Dilbert discussing the project uncertainty principle |
This is probably the most abused and misinterpreted physics principle, commandeered into cringe-worthy chains of logic like, "nothing can be measured exactly...therefore there is no universal reality." Granted, it may be true that there is no universal reality, but the proof to you is not going to be how electrons like to pass through a hole in a wall.... (As an aside, ponder that paradox! Can the statement "there is no universal reality" be itself a universal reality?... Far out!... But I digress...).
When you actually dig into the equations, if you want to measure something like a baseball toss or cricket ball pitch speed to within about 10%, the Uncertainty Principle limits your ability to measure the ball's location to within one trillionth of a trillionth of a trillionth of a millimeter, give or take.
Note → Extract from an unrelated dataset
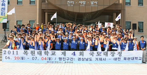 우리 대학교는 6월 20일(월) 교내 중앙광장에서 120명의 학생들이 참석한 가운데 제4회 국토대장정 출정식을 갖고 21일(화)부터 오는 7월 4일(월)까지 14박 15일 동안의 일정으로 국토대장정을 펼친다.

My GPS struggles to know where I am within 100 meters, so there are lots of other issues to resolve before quantum physics gets involved.
In the end, probably the most useful idea I got from my physics degree was that "People Are Not Particles." In the vacuum of outer space, "a body in motion tends to stay in motion", true. However, once your mother-in-law gets it in her head that the whole family is going to vacation in Greece this year, even though we already had plans to go to Bali, does that mean there's no changing her mind? Not necessarily. Or that "for every force there's an equal and opposite force" implies that Karma is going to catch up with you eventually? Actually, as Mark Twain wrote, sometimes the bad little boy doesn't get punished, and the good little boy doesn't get rewarded.
A quantum physicist should probably not be your first stop on the quest to discover the meaning of consciousness or to learn the behavior of the mind. It is probably better to ask a psychologist because they specialize in that kind of thing. Maybe you would even want to consult a positive psychologist if you are concerned about how therapists mostly focus on how broken you are. Maybe even consult a happiness engineer if that is what you're really after?